ドイツ政府は9日の閣議で、感染防止法改正案を了承した。新型コロナウイルス感染防止策の緩和を取り決めた国と州の決議に基づくもので、20日から大半の規制を廃止。個々の地域で感染状況が悪化した場合は当該地域(ホットスポット)限定で規制を強化できるようにする。議会の可決を経て施行される。
オーラフ・ショルツ連邦首相と国内16州の首相は2月中旬、コロナ規制を3段階で緩和することを取り決めた。現在は緩和の第2段階にあり、20日から第3段階が始まることになっている。
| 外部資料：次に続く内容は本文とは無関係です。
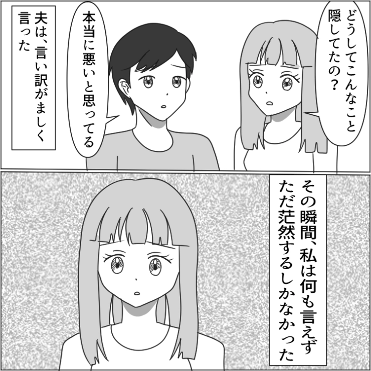 このタイミングで夫には借金があったことが発覚。もちろん借金があることもショックだった主人公ですが、もっとショックだったことは・・・。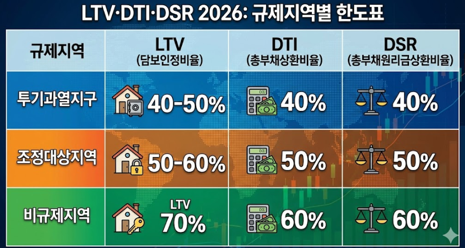LTV·DTI·DSR 2026: “규제지역별 한도표(엑셀·PDF 다운로드)”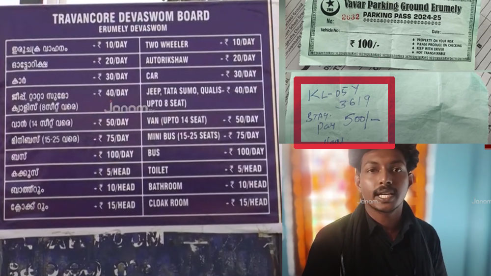ഡിസംബർ രണ്ടിന് വൈകുന്നേരം 6.30-നാണ് എരുമേലിയിലെ വാവർ പാർക്കിംഗ് ഗ്രൗണ്ടിൽ അർജുന്റെ മാരുതി കാർ പാർക്ക് ചെയ്തത്. ദർശനത്തിന് ശേഷം പിറ്റേന്ന് രാവിലെ ഒൻപത് മണിയോടെ തിരിച്ചെത്തി വാഹനമെടുത്തു. വലിയ ബസുകൾക്ക് ഈടാക്കുന്ന 100 രൂപയുടെ പാർക്കിംഗ് പാസിന് പുറകിൽ പാർക്കിംഗ് ജീവനക്കാർ സ്വയം എഴുതി ചേർത്താണ് 500 രൂപ കാറിന് ഈടാക്കിയത്. മലയാളിയായ തന്റെ പക്കൽ നിന്നും ഇത്ര തുക ഈടാക്കിയെങ്കിൽ അന്തർ സംസ്ഥാനങ്ങളിൽ നിന്ന് വരുന്ന ഭക്തരിൽ നിന്ന് എത്ര രൂപയോളമാകും ഈടാക്കുന്നതെന്ന ആശങ്കയും അർജുൻ പങ്കുവച്ചു.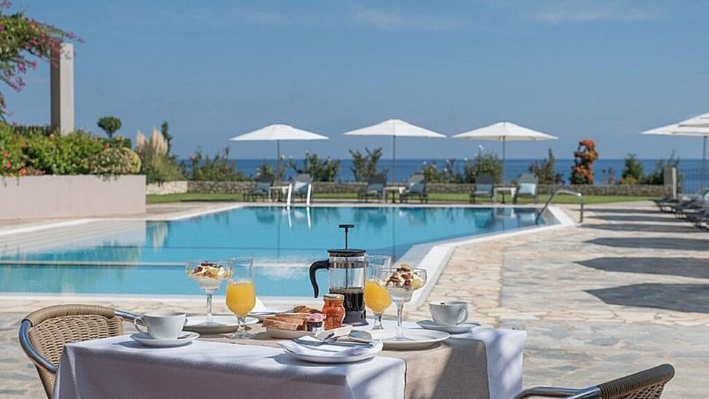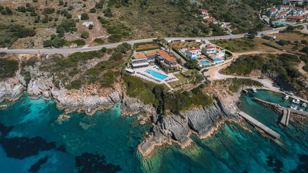Hotel se nachází přímo u moře, na skalnatém pobřeží. Nejbližší restaurace je vzdálena cca 1 km, supermarket, bar a autobusová zastávka přibližně 2 km. Hlavní město Argostoli je 38 km, letiště 39 km.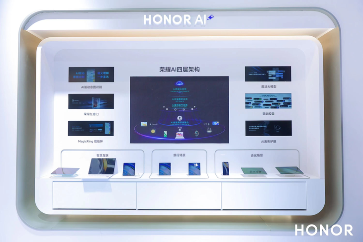 在荣耀展台的HONOR AI主题专区,荣耀展出了一系列领先的端侧AI成果,包括AI任意门、跨系统跨平台的智慧互联、AI使能硬件的离焦护眼等自研技术。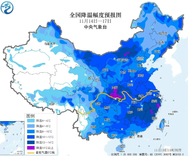 据中央气象台消息,预计11月14日至17日,我国将迎来今年下半年首场寒潮天气过程,此次寒潮过程具有影响范围广、降温幅度大、大风天气显著、降水整体不强等特点。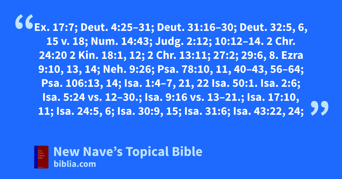 Backsliding of Israel: Ex. 17:7; Deut. 4:25–31; Deut. 31:16–30; Deut. 32:5, 6, 15 v. 18; Num. 14:43; Judg. 2:12; 10:12–14. 2 Chr. 24:20 2 Kin. 18:1, 12; 2 Chr. 13:11; 27:2; 29:6, 8. Ezra 9:10, 13, 14; Neh. 9:26; Psa. 78:10, 11, 40–43, 56–64; Psa. 106:13, 14; Isa. 1:4–7, 21, 22 Isa. 50:1. Isa. 2:6; Isa. 5:24 vs. 12–30.; Isa. 9:16 vs. 13–21.; Isa. 17:10, 11; Isa. 24:5, 6; Isa. 30:9, 15; Isa. 31:6; Isa. 43:22, 24; Isa. 51:17 vs. 18–20.; Isa. 63:17; Isa. 65:2, 3; Jer. 2:5, 11–13, 17, 19, 21, 27, 31, 32; Jer. 3:21 vs. 1–25.; Jer. 5:19, 23 vs. 1–31; Jer. 11:9–17. Jer. 6:30 Ezek. 22:18. Jer. 7:12 vs. 13–34.; Jer. 8:5, 14, 15 vs. 1–22.; Jer. 10:20, 21 vs. 17–22.; Jer. 12:7; Jer. 13:24, 25; Jer. 14:7, 10; Jer. 15:1 vs. 2–14.; Jer. 18:13–15 Jer. 19. Jer. 32:31 v. 30.; Jer. 50:6; Ezek. 2:3–8; Ezek. 5:6 vs. 1–17.; Ezek. 11:21 vs. 1–21. [See Parable of the Vine, Ezek. 15.]Ezek. 16:43 [See Parables of an Unfaithful Wife, Ezek. 16; 23; Hos. 2; 3.]Hos. 1:6, 9 vs. 1–9.; Hos 4:6, 10 v. 16.; Hos. 5:11, 12 vs. 1–15.; Hos. 6:4, 7 vs. 4–11; Hos. 8:14; 9:1–17; 13:16. Hos. 11:2, 7; Hos. 14:1; Amos 2:4; Zeph. 1:6; Mal. 1:6; Mal. 3:7; Heb. 3:16–18

改正法案は第3段階の感染防止策の枠組みを定めたもので、施行されると「2G」や「3G」など接種、感染からの快復、陰性証明の提示を入店やイベント参加の条件とするルールは廃止される。また、マスク着用義務は地域公共交通機関や病院、介護施設などに限定され、小売店や飲食店、スポーツ観戦、文化イベントでは義務が廃止される。
個々の地域で入院する感染者が大幅に増え医療がひっ迫したり、重症化リスクの高い新たな変異株が流行した場合は、それらの地域を対象とする規制強化を各州の議会が決議し、ピンポイントで対処する。
ドイツの新型コロナ感染者数は依然として高水準で推移している。デルタ株など従来の変異株に比べ重症化リスクの低いオミクロン株が主流となっていることから、入院したり集中治療を受ける患者は比較的少ないものの、感染リスクが高い状況は変わっていない。マルコ・ブッシュマン法相は、責任ある行動は今後も必要だと市民に注意を促した。
改正法案は9月23日までの時限法案となっている。秋になり気温が下がると感染の波が再び到来すると予想されることから、同24日以降は新たな規制の枠組みで対応する意向だ。